I am sure that Russia will play a peaceful, integrating and stabilizing
role. When we speak of the Asian Pacific region, we speak of a rapidly
developing region of the world. According to some estimates, its economy
constitutes more than 50 percent of the world gross national product and
up to 40 percent of the world's trade. In spite of the general worldwide
recession, there is a continuing growth of GNP and exports in East Asia
and the Pacfic region. The rates of growth of the countries of this region
are exceeding the developed industrial countries. It seems that the countries
of the Asian Pacific region are lessening their dependence on the American
market. On the whole, the dynamic development of the Asian-Pacific region
can give new stimulus to world development.
To a large degree the situation in the Asian Pacific region will be determined
by the processes taking place in China and its policy in the region. And
this, it goes without saying, depends on the course of economic and political
reforms in that huge country.
The new situation in the Asian Pacific region is also closely connected
with the new role of Japan in the region and world -- a role which corresponds
to Japan's economic power. The role of South Korea has significantly expanded
and continues to grow as well, and it is not restricted only to the region.
An entire family of Southeast Asian countries which were formerly very
underdeveloped, has emerged to join the ranks of the highly developed
countries. They have become an important factor in regional and world
politics.
At the center of the changes in the military-political situation in the
Asian Pacific region is a conviction of the majority of this regional
community that in the modern stage, the determinate factors are economic
power and technology, but not military force. It can be predicted with
great certainty that the process of change in the strategic analysis will
preserve the direction which has been formed in recent years.
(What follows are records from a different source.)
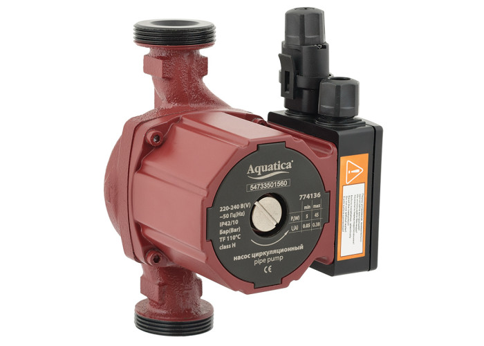 Насос циркуляційний енергозберігаючий 45Вт Hmax 6м Qmax 50л / хв Ø1½ 180мм + гайки Ø1 AQUATICA (774136). У порівнянні з традиційними циркуляційними насосами даний насос має дуже низьку витрату енергії. Відповідає класу енергозбереження А за європейським стандартом і в залежності від режиму роботи витрата енергії може знижуватися до 5 Ватт. Корпус насоса чавунний; вал двигуна - кераміка; робоче колесо: технополімер. Електродвигун: асинхронний, безшумний; обмотки статора: мідь; гільза статора електродвигуна: нержавіюча сталь AISI 304; підшипник: керамічний радіальний; Напруга: 220-240 В; Частота: 50 Гц; Клас ізоляції: Н; Клас захисту: IP44. Умови застосування: максимальна температура перекачується рідини: +110 ºC; максимальна температура навколишнього середовища: +40 ºC; тиск в системі: до 10 бар; тільки для чистої води без піску, глини, вапна і т.д .; pH 6.5 - 8.5; загальна мінералізація води: не більше 1500 г / м³. Термін гарантійного обслуговування: 18 місяців.
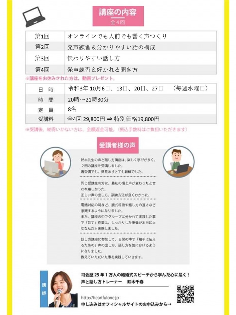 声と話し方講座は、全4回です。
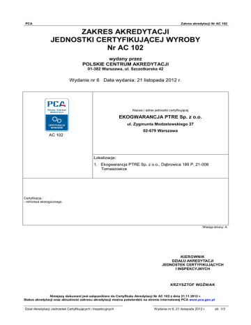 PCA Zakres akredytacji Nr AC 102 ZAKRES AKREDYTACJI JEDNOSTKI CERTYFIKUJĄCEJ WYROBY Nr AC 102 wydany przez POLSKIE CENTRUM AKREDYTACJI 01-382 Warszawa, ul. Szczotkarska 42 Wydanie nr 6 Data wydania: 21 listopada 2012 r. Nazwa i adres jednostki certyfikującej EKOGWARANCJA PTRE Sp. z o.o. ul. Zygmunta Modzelewskiego 27 02-679 Warszawa AC 102 Lokalizacje: 1. Ekogwarancja PTRE Sp. z o.o., Dąbrowica 185 P, 21-008 Tomaszowice Certyfikacja : - rolnictwa ekologicznego Wersja strony: A KIEROWNIK DZIAŁU AKREDYTACJI JEDNOSTEK CERTYFIKUJĄCYCH I INSPEKCYJNYCH KRZYSZTOF WOŹNIAK Niniejszy dokument jest załącznikiem do Certyfikatu Akredytacji Nr AC 102 z dnia 21.11.2012 r. Status akredytacji oraz aktualność zakresu akredytacji można potwierdzić na stronie internetowej PCA www.pca.gov.pl Dział Akredytacji Jednostek Certyfikujących i Inspekcyjnych Wydanie nr 6, 21 listopada 2012 r. str. 1/3 PCA Zakres akredytacji Nr AC 102 Rodzaj działalności: Dokument odniesienia: CERTYFIKACJA ROLNICTWA EKOLOGICZNEGO Rozporządzenie Rady (WE) nr 834/2007 z dnia 28 czerwca 2007 r. Nr Grupy produktów/ działalność 1. Ekologiczna uprawa roślin i utrzymanie zwierząt; 2. Zbiór ze stanu naturalnego; 3. Pszczelarstwo; 4. Produkty z akwakultury i wodorosty morskie; 4.1 Wodorosty morskie i produkty z wodorostów morskich 4.2 Zwierzęta akwakultury i produkty zwierzęce akwakultury 5. Produkty przetworzone 5.1 Przetwórstwo produktów ekologicznych oraz produkcja pasz i drożdży 6. Wprowadzanie na rynek produktów ekologicznych, w tym importowanych z krajów trzecich. Wersja strony: A Dział Akredytacji Jednostek Certyfikujących i Inspekcyjnych Wydanie nr 6, 21 listopada 2012 r. str. 2/3 PCA Zakres akredytacji Nr AC 102 Wykaz zmian Zakresu Akredytacji Nr AC 102 Status zmian: wersja pierwotna – A Zatwierdzam status zmian KIEROWNIK DZIAŁU AKREDYTACJI JEDNOSTEK CERTYFIKUJĄCYCH I INSPEKCYJNYCH KRZYSZTOF WOŹNIAK dnia: 21.11.2012 r. Dział Akredytacji Jednostek Certyfikujących i Inspekcyjnych Wydanie nr 6, 21 listopada 2012 r. str. 3/3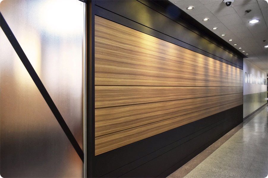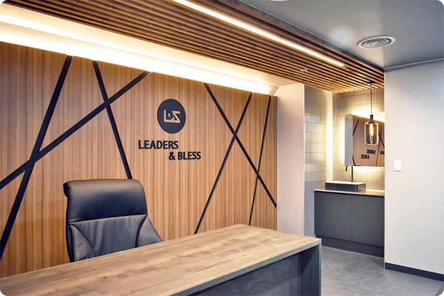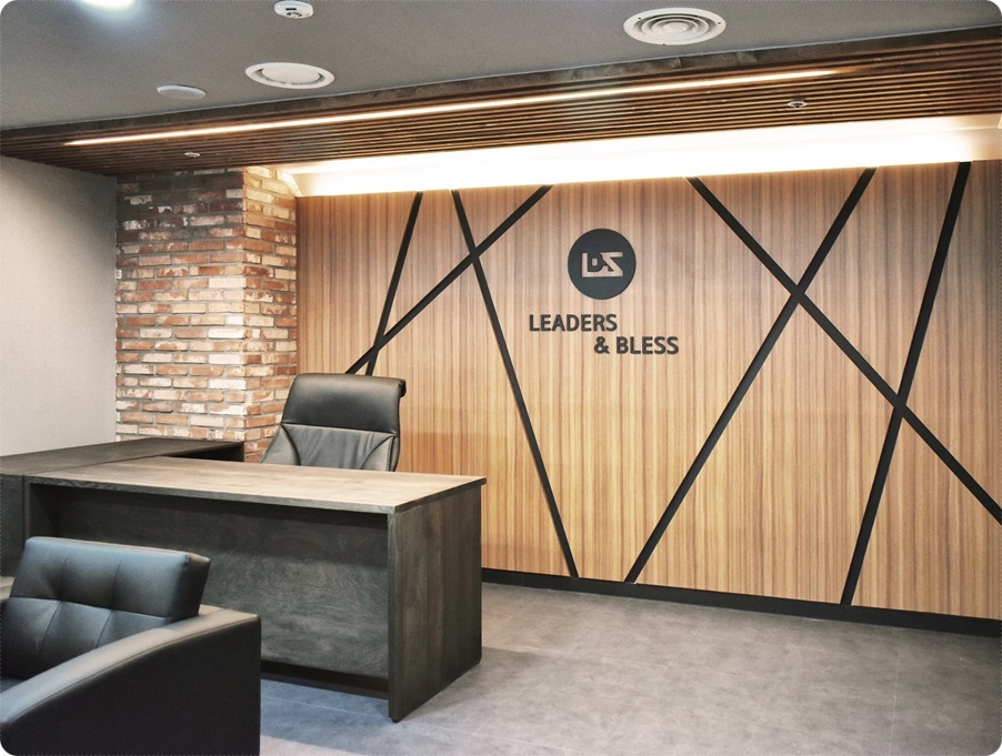 외부 인테리어에 회사 로고와 이름을 다른 컬러로 넣어 더욱더 돋보일 수 있도록 포인트를 주었습니다. 깔끔한 서채로 공간의 분위기와 맞게 연출하였습니다.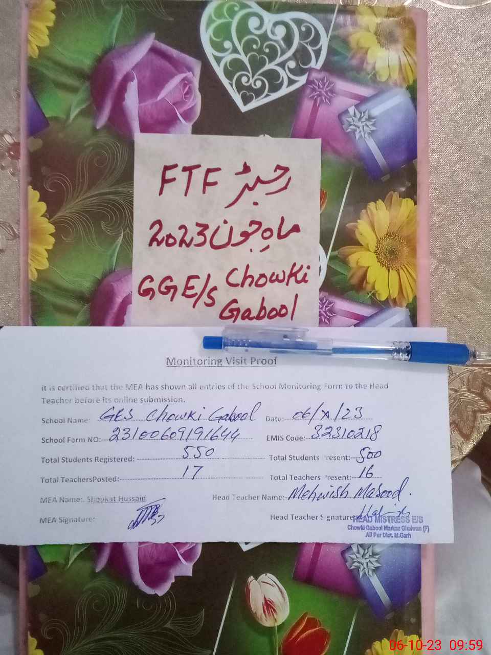 | EMIS Code: 32310218 | Name of School: GGES CHOWKI GABOOL | |||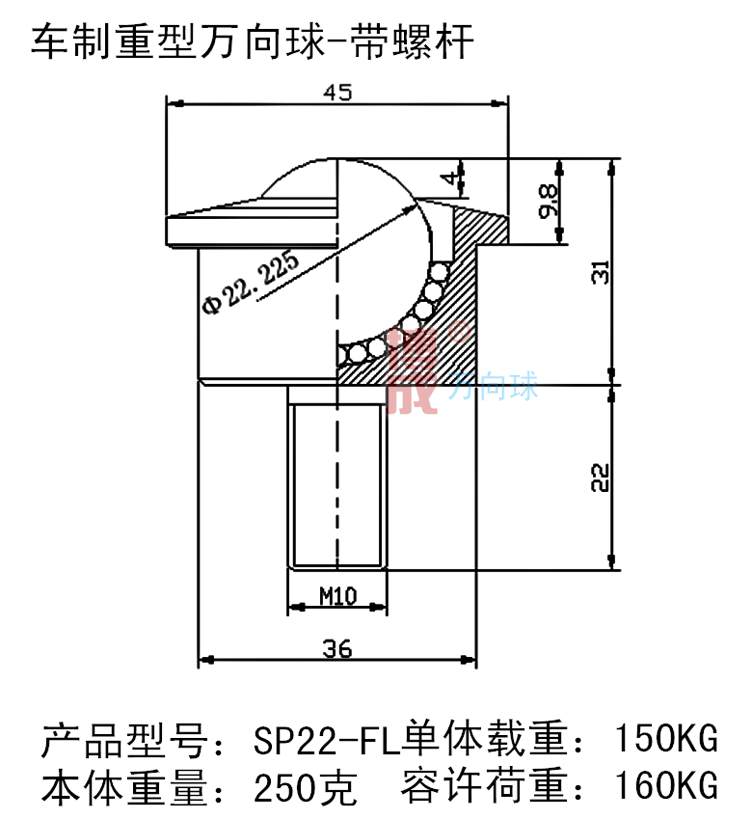 Heavy duty universal ball car with screw M10 SP22-FL universal ball bearing ball conveying ball bullseye wheel factory

The changes in the world after the conclusion of the Cold War as well
as the difficulties and contradictions in establishing a new political
and economic order in all of their importance are but one of the many
expressions of the deeper changes in the development of mankind. I mean
by this the fundamental changes in human civilization, its transformation
into a qualitatively different new state, one which is, however, not yet
fully defined or understood. Today at least we know one reality that our
contemporary civilization, which is driven by the imperatives of industrialism,
the unrestrained exploitation of human and natural resourses, the social
and national conflicts among people, societies and nations; that our civilization,
which is also characterised by significant restriction and suppression
of human rights, has reached the point of requiring new forms of living
and coexistence of peoples and states. In earlier times we lived through
similar periods of crisis and change in society, and one need only remember
the fall of ancient civilization and the turmoil which accompanied it.
It is said that the means and methods of solving a problem emerge with
the problem itself. This is certainly true, of course, but if mankind
does not recognize this new threat and does not actively work to prevent
it, if we are too late, the course of events may take on a dramatically
threatening character.
Fortunately, as a result of our collective efforts, we succeeded in pushing
back the threat of nuclear catastrophe, and people could breathe freer.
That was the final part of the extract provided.